Il periodo di comporto (la cui durata è normalmente differenziata in base all’anzianità di servizio e al livello di inquadramento del lavoratore) si distingue in: 1) comporto secco (il periodo di conservazione del posto è stabilito con riferimento ad un unico e ininterrotto evento morboso di lunga durata, cioè tale da coprire con continuità e ininterrottamente un considerevole arco di tempo. In altri termini, il periodo massimo di conservazione del posto riguarda un’unica malattia. Sicché, con un comporto, ad es. di 3 mesi, il lavoratore potrebbe assentarsi 2 mesi e 29 gg., poi lavorare un paio di gg. e poi far ripartire i 3 mesi di comporto. Ciò, in quanto i vari periodi di malattia intervallati da qualche giorno di lavoro non si cumulano); 2) o per sommatoria (periodo massimo di conservazione del posto in presenza di più di più eventi morbosi intervallati da presenze sul posto di lavoro. In tal caso i vari periodi si cumulano. Ad es. se il comporto è di 3 mesi, il lavoratore che si assenti 3 mesi e 29 gg., poi lavora 2 gg. e poi si riassenta, al secondo giorno di assenza ha superato i 3 mesi).
Quanto ai criteri di calcolo, nella determinazione del periodo di comporto (secco o per sommatoria), si computano i giorni di malattia, secondo il calendario comune, ivi compresi i giorni non lavorativi (sabato, domenica e festività infrasettimanali): cfr.

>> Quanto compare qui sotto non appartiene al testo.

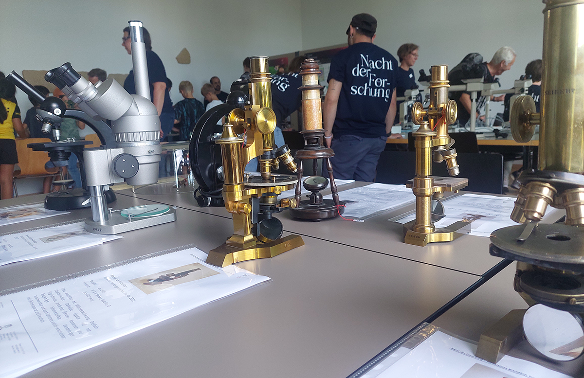 The MIC’s exhibit provided an artistic and hands-on look at research in the life sciences. Interactive stations allowed guests to use professional microscopes to view hidden life and fascinating structures. Attendees could also learn how to prepare their own samples and even fold an origami microscope to take home. For a deeper dive, visitors experienced a new perspective through virtual reality, traveling through the delicate skeleton of a zebrafish or the internal structures of a mouse's skull. The event also featured a "Sci-Art" gallery where aesthetic images merged with biological knowledge. Thanks to a loan from the Institute for the History of Medicine, the MIC was able to showcase an exhibition of historical microscopes.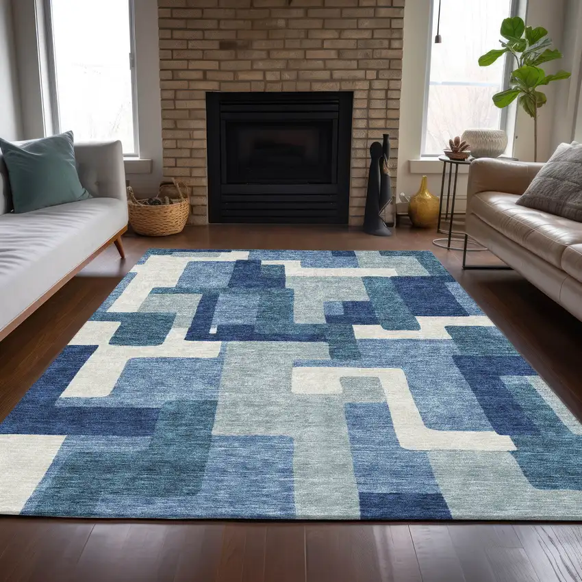 Navy Blue And Sky Blue Abstract Washable Indoor Outdoor Area Rug
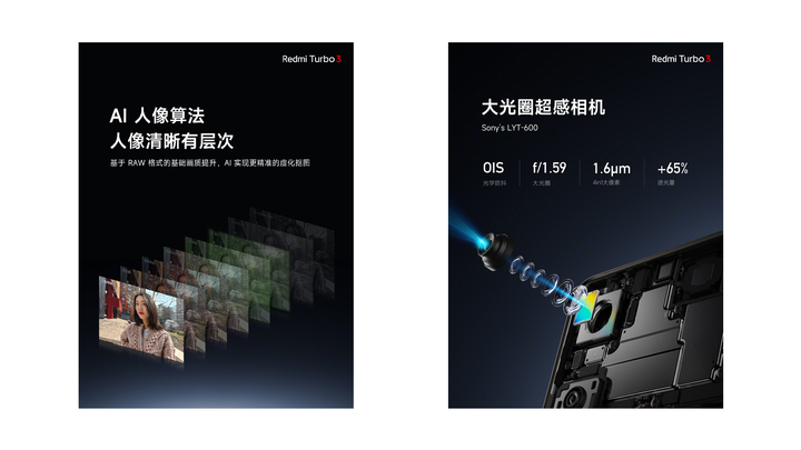 虽然这是一款主打性能的手机,但拍照对日常体验也非常重要。红米Turbo3上,竟然直接用上了索尼LYT-600,其具有f/1.59的大光圈,有OIS光学防抖,日常也能提供很不错的拍摄体验。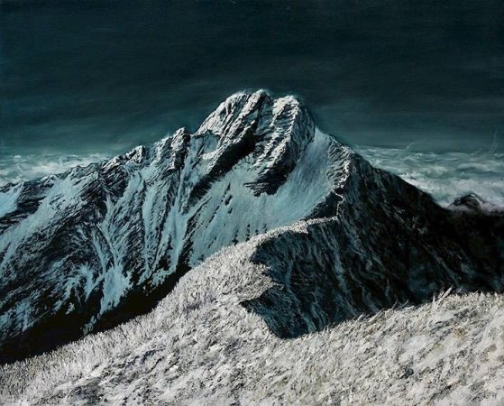 洪俊銘的風景畫展現「山岩」的氣息和藍天、白雲、天地的廣濶。以油畫為主要創作媒材的他,筆觸樸質厚實,蘊含堅定與沉穩的力量。他在構圖間留下線索,這些線索同一個個未說完的事件——邀請觀者將自身的記憶與感受投射進來。畫面展現出筆的舞與力度,也保留了完整的沉思的空間,如同岩石與水的共存,既守護也包容。在真摯的風景裡,情感真誠留駐。它們靜靜停泊——停泊在一抹晨光、一片霧氣、一張遠去的背影之中。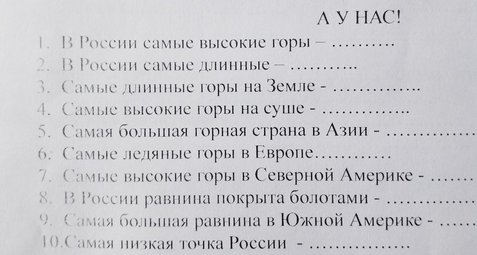 1самые длинные горы на земле.2 самые высокие горы на суше 3самая большая горная страна в азии 4самые леденные горы в Европе 5 самые высокие горы в северной Америке 6в россии равнина покрыта болотами 7самая большая равнина в южной Америке 8самая низкая точка россии ПОМОГИТЕ ПОЖАЛУЙСТА ОЧЕНЬ НАДО!
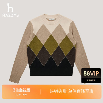 【商场同款】Hazzys哈吉斯菱形格针织羊毛衫女年秋季毛衣
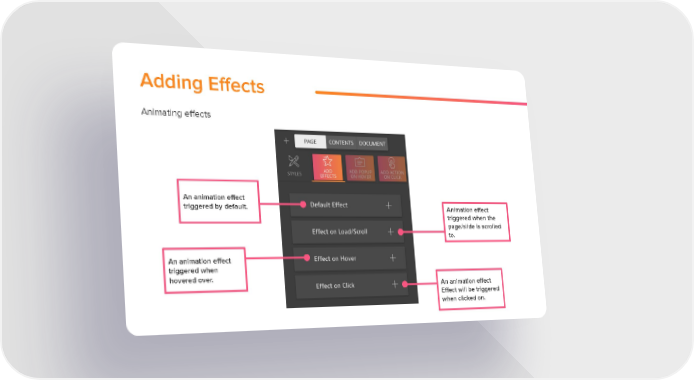 Adding Effects Animating effects An animation effect triggered by default. Animation effect triggered when the page/slide is scrolled to. An animation effect triggered when hovered over. An animation effect Effect will be triggered when clicked on.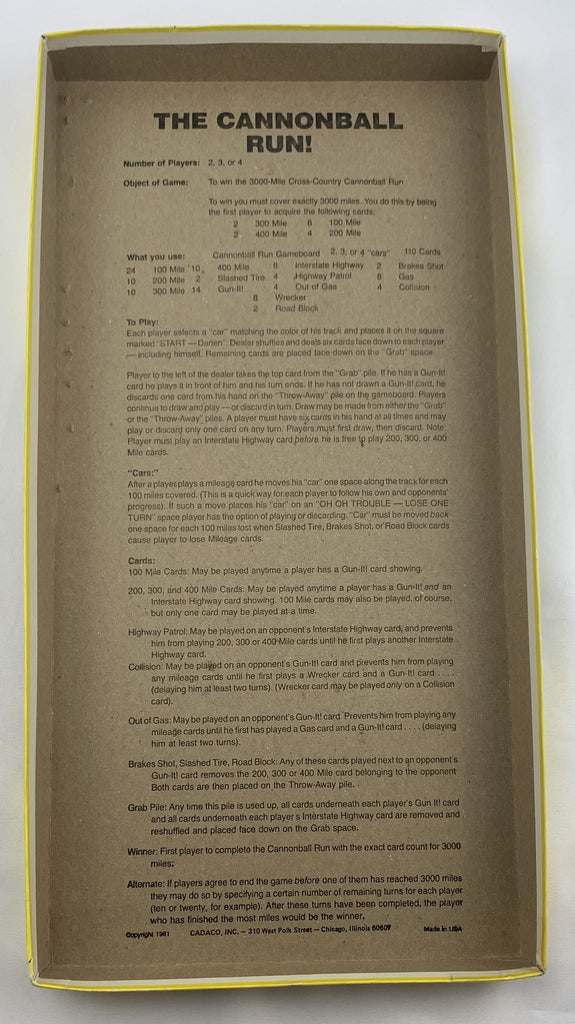 The Cannonball Run Game - 1981 - Cadaco - Great Condition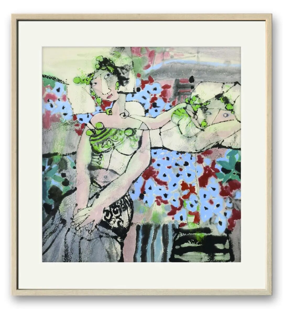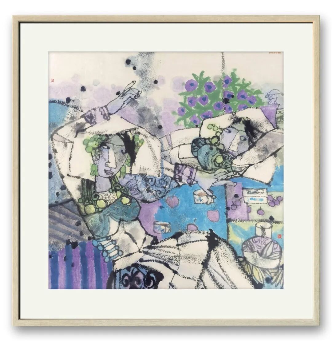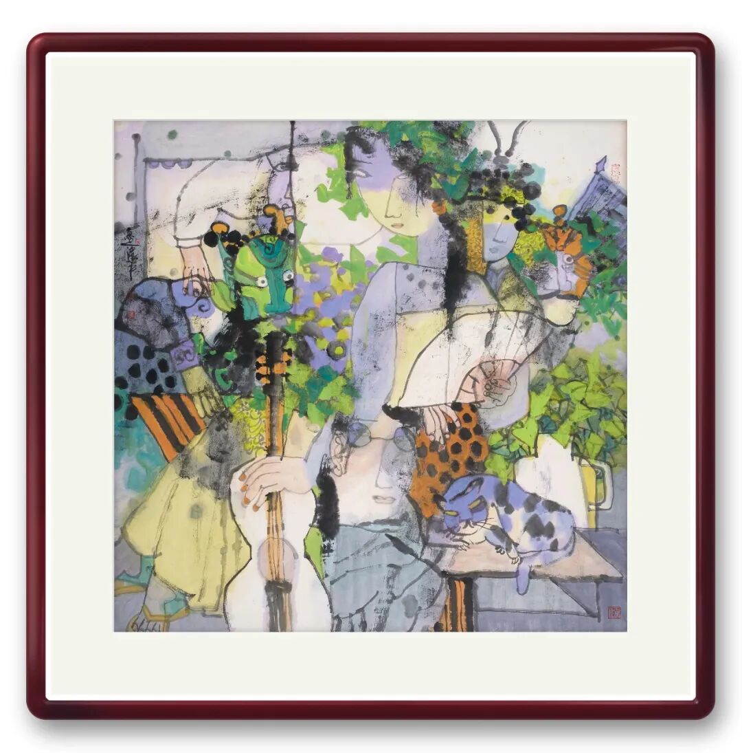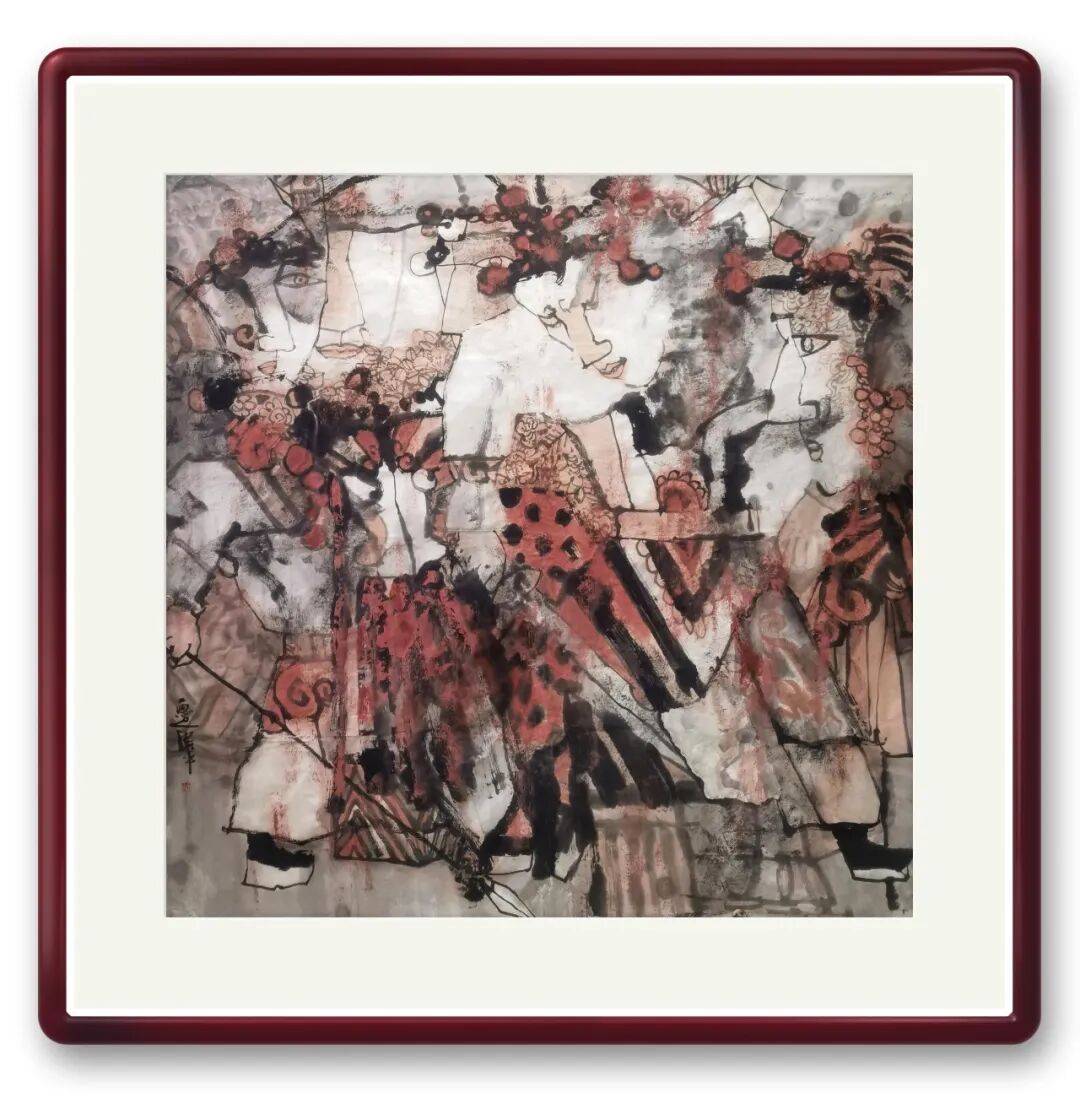 笔墨之外,周卫平更重文化内涵与审美创新,在传统与当代碰撞中走出特色之路。他借鉴民间木版年画、剪纸色彩精髓,融入现代构图,打破传统条屏束缚,以解构重组营造韵律美,反透视手法增添视觉张力。《梨园千秋》以条屏联动展现生旦净末丑群像,笔墨苍劲、色彩明快,既显戏曲包罗万象,又传中华文脉厚重,更让中国戏曲神韵借水墨走向世界。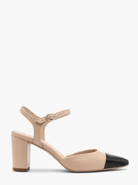 Beżowe czółenka z czarnym noskiem na obcasie typu słupek z linii RYŁKO.Model wykonany ze skóry licowej.Podszewka i wyściółka skórzana.Obcas oblekany o wysokości 7,5 cm.Wysokość obcasa uśredniona dla rozmiaru 37.Nosek okrągły.R. SILENCE – wyciszenie obcasa, uzyskane dzięki zastosowaniu nowego technologicznie fleka, tłumiącego drgania podczas chodzenia.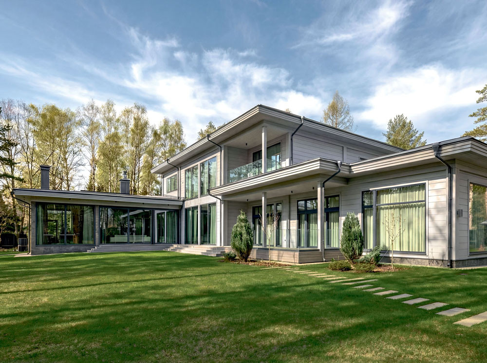В светлом элегантном интерьере семейной резиденции ничто не напоминает о том, что дом построен из сосны — это возможно благодаря современным технологиям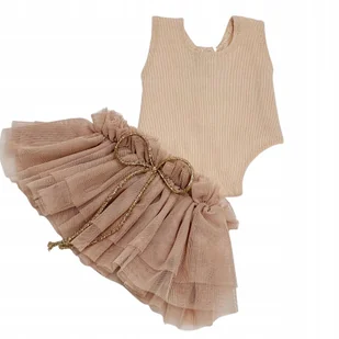 Przedmotem aukcji jest zestaw baletnicy: body nude i spódniczka latte. Zestaw baletnicy uszyty specjalnie dla hiszpańskich lalek Miniland. Pasuje również na lalki Paola Reina Wysokość lalki 38 cm lub 34cm. Zestaw skład się z bawełnianego body, zapinanego z tyłu na rzep oraz spódniczki tiulowej tutu.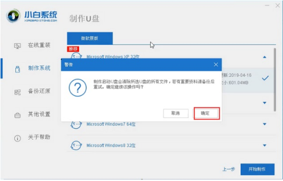 步驟三:此時電腦會彈出格式化U盤操作,我們在確定保存好重要數據以后,單擊“確認”,等待U盤制作完成以后,重啟電腦即可。
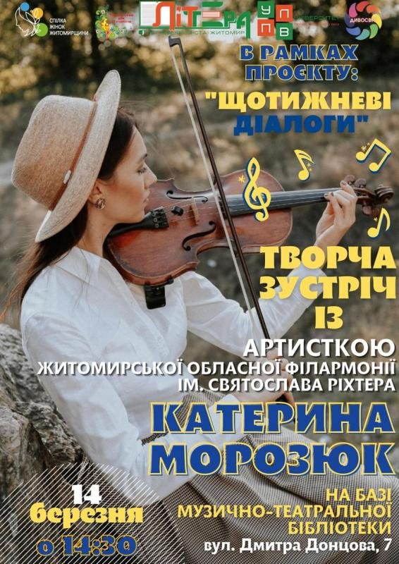 ЛІТтера - бібліотеки міста Житомира запрошують на творчу зустріч із Катериною Морозюк - артисткою Житомирської обласної філармонії ім. С. Ріхтера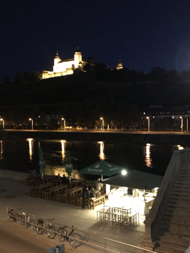 어짜피 밖은 실컷 구경했고 실내에서 글을 써야겠다고 생각하고 자리를 잡았다. 가득 채워준 와인을 마시면서 프랑크푸르트 여행기를 이어 쓰기 시작했다. 글을 쓰다 고개를 드니 옆 테이블의 할아버지가 어디서 왔냐 묻길래 한국에서 대답했다. 잠시 침묵이 이어지고, 나도 질문을 더 할까 어색한 미소를 서로 지은채 다시 아이패드로 시선을 돌렸다. 거의 마무리하고 시간을 보니 8시가 다가온다. 창밖으로 슬쩍 봤더니 이제 완전한 밤이 되었다. 창문 밖으로 아까 봤던 성이 빛나고 있었다.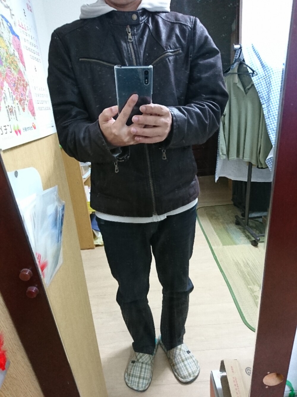 ライダースジャケット2着目!インナーにパーカーを着てみました。割と気に入ってます。

Cass. n. 5749/2019; Cass. n. 24027/2016 e Cass. n. 20106/2014, per la quale nel calcolo del periodo di comporto vanno considerati anche i giorni festivi, se in quelli antecedenti o successivi il lavoratore è rimasto in malattia, in quanto si presume che la situazione clinica sia rimasta inalterata).
In particolare, Cass. 8 aprile 2019, n. 9751, afferma che il periodo di comporto va computato, salvo diversa volontà delle parti sociali, secondo il calendario comune in base all’effettiva consistenza dei mesi stessi (per il principio desumibile dall’art. 2963, co. 4, c.c. e dall’art. 155, co. 2, c.c. (v. Cass. n. 13658/2015 e Cass. n. 6554/2004). In altri termini, sia il termine interno, corrispondente alla somma delle assenze causate dai singoli episodi morbosi, che quello esterno, costituito dall’arco temporale entro il quale i singoli episodi morbosi devono rientrare, vanno fissati “secondo la effettiva consistenza che i mesi hanno in base al calendario comune e non già assumendone una durata convenzionale fissa costituita da un predeterminato numero di giorni”. Il legislatore ha infatti ripudiato “un criterio che si discosta notevolmente dalla durata effettiva dell’anno posto che, con il diverso computo (vale a dire considerando il mese pari sempre a trenta giorni), questo assommerebbe a trecentosessanta giorni e non a trecentosessantacinque come è secondo calendario”.
In caso, poi, di licenziamento di un lavoratore per superamento del periodo di comporto, nel computo dello stesso non devono rientrare i periodi di aspettativa non retribuita, usufruiti in base ai benefici della Legge n. 104/1992, anche se questi ultimi sono consecutivi ad un periodo di assenza per malattia o aspettativa (v. Cass. n. 3065/2016).